Não quero exagerar, mas parece que do início do século XX pra cá, vivenciamos alguns momentos de ebulição na literatura. Primeiro com a Semana de Arte Moderna de 1922. Claro, a Semana extrapolou. Trabalhou a literatura, mas também a música, a escultura, a pintura. As rupturas de 22 ainda hoje influenciam e determinam os passos da literatura e de outras artes ditas brasileiras. Podemos considerar, também, que a Poesia Concreta impactou por ser o único movimento de vanguarda genuinamente brasileiro. Também continua determinando os rumos a Poesia principalmente, mas também de outras artes no Brasil e em outros países.

Outubro de 2017 também deve entrar para o calendário das grandes transformações. O Mulherio das Letras, acontecido na Paraíba, trouxe para o debate as inquietações e as zonas de sombra do universo editorial. Sem aprofundar o debate estético (não era esse o objetivo), reverberou as diferenças e as potencialidades do universo feminino na literatura. O Mulherio teve uma característica fantástica. Mostrou um altíssimo poder de mobilização e trouxe para a cena, inclusive, a saudável certeza que nem tudo é ou deve ser consenso. Portanto, me refiro aos três momentos de forte impacto na história da literatura brasileira. Logicamente, sem a insensatez das comparações.

Dizem que a segunda edição deverá acontecer em Guarujá-SP. Espero que o triplex da Odebrecht seja cedido para abrigar algumas visitantes. Certamente outros lugares também haverão de querer um evento de tamanha magnitude. Muitas movimentações em torno da escrita feminina e feminista devem abrir espaços. No entanto, o Mulherio das Letras enquanto movimento das mulheres escritoras deste país, aconteceu aqui na Paraíba. No máximo, teremos eventos surgidos em consequência desse movimento. Tudo será consequência do que aconteceu por aqui.  Certamente que as coisas não deverão permanecer no mesmo lugar. O grito das mulheres ecoou e revelou também suas mazelas.

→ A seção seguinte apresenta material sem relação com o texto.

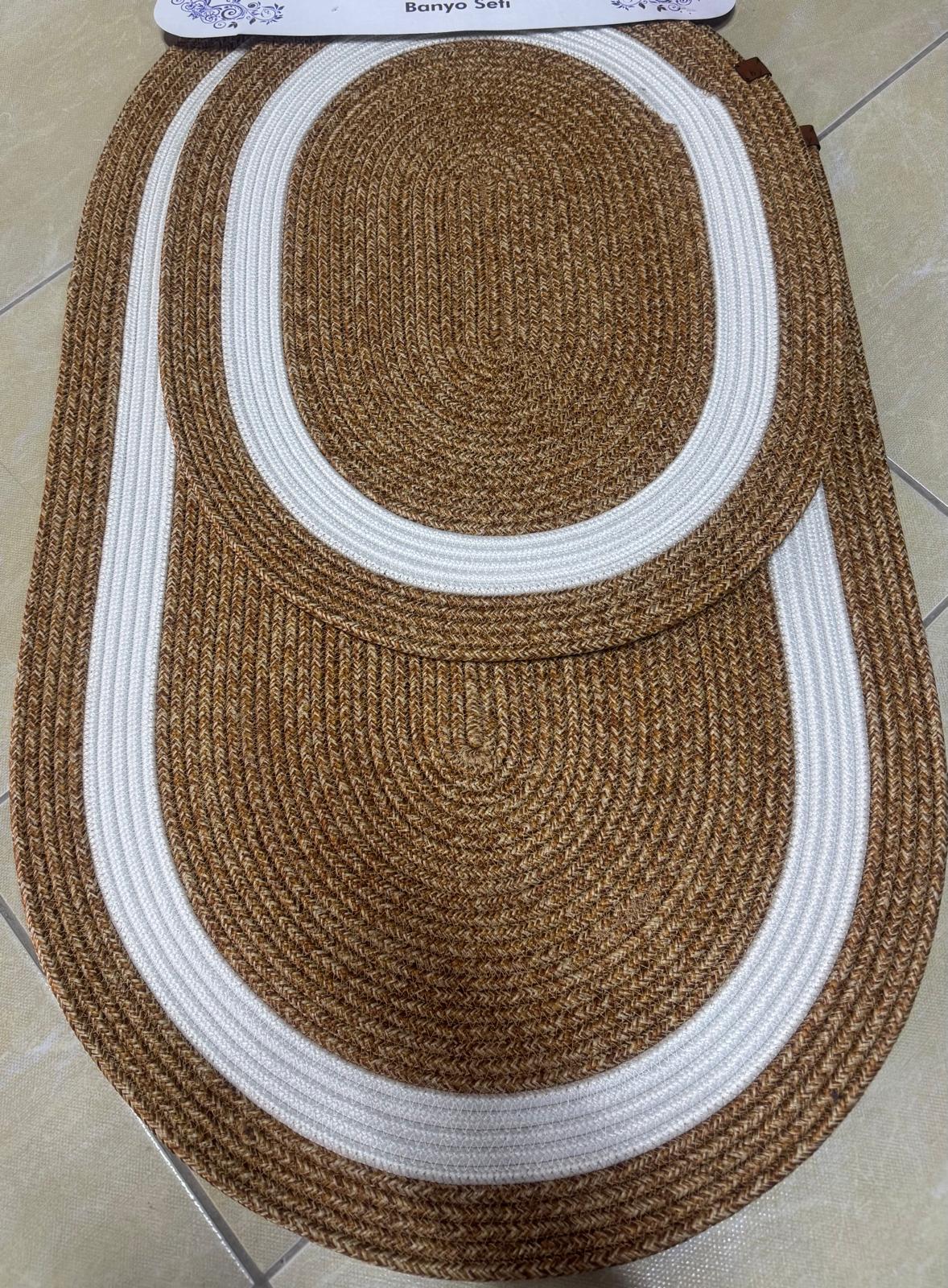 2li Jüt Banyo Paspas Seti (Hasır ve Beyaz Şeritli)

O fato é que o mercado editorial ficou de olho. O Brasil que escreve e que lê ficou de olho. Os homens que escrevem e leem ficaram de orelha em pé.  Foram dias de intensos debates e de absoluta autonomia na condução dos trabalhos. Foi, sem dúvidas, o maior movimento de mulheres escritoras da história deste país. A repercussão certamente atravessará fronteiras, pois num tempo não muito distante, as mulheres precisavam publicar seus livros com pseudônimos masculinos para a plena aceitação do mercado. Dificilmente se repetirá com a mesma intensidade. Dificilmente não terá fragmentações, mas certamente cumpriu o seu papel ao chamar a atenção para as inocências nada inocentes da literatura. O racismo, o machismo, a homofobia. Expressões da existência nada ficcional das esquinas, ainda domina a cena.

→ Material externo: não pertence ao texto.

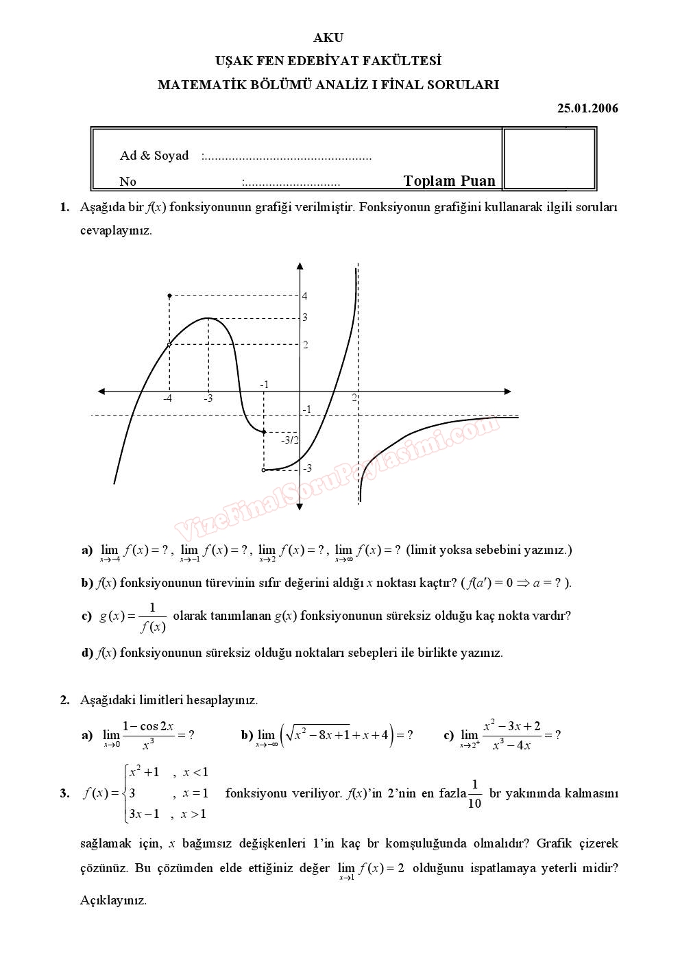 analiz1 final soruları Uşak Üniversitesi GERİ DÖN-

No momento em que o Brasil e o mundo atravessam um momento nebuloso, o contraponto da escuta e da ocupação dos espaços faz uma diferença enorme. Mesmo que em alguns momentos tudo se perca nas trações do imaginário ou das inquietações extraliterárias. A sensação que ficou é que o objetivo das organizadoras foi atingido. O do movimento Mulherio das Letras me pareceu bastante anárquico. Recusando um comando formal, apesar de tecer com clareza os fios condutores para que o debate se tornasse fluente como um rio. Todavia, duas escritoras saem da cena do Mulherio como protagonistas por diferentes motivos. São elas as escritoras Conceição Evaristo e Maria Valéria Rezende.

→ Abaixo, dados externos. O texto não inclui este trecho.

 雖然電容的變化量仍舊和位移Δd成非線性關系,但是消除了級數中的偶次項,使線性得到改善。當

Agora é aguardar as movimentações que naturalmente deverão acontecer. A repercussão foi imensa. Quiçá, para além-fronteiras. Nada, certamente, voltará ao seu lugar. Os debates mais ou menos acirrados encontrarão seus espaços de expansão. A literatura escrita pelas mulheres haverá de trazer novos ventos. Ninguém escapará deste vendaval. Homens, mulheres, leitores, leitoras, escritores, escritoras, formadores, formadoras. As expectativas são muitas. Mas, não tenho dúvidas que o impacto maior será no mercado editorial. Como? Não sei ainda. A visibilidade de algumas mulheres puxará pelos pés a invisibilidade de muitos homens. O movimento Mulherio das Letras não foi excludente. Foi apenas mais um passo mais largo de uma longa caminhada. Um misto de generosidade, militância e utopia.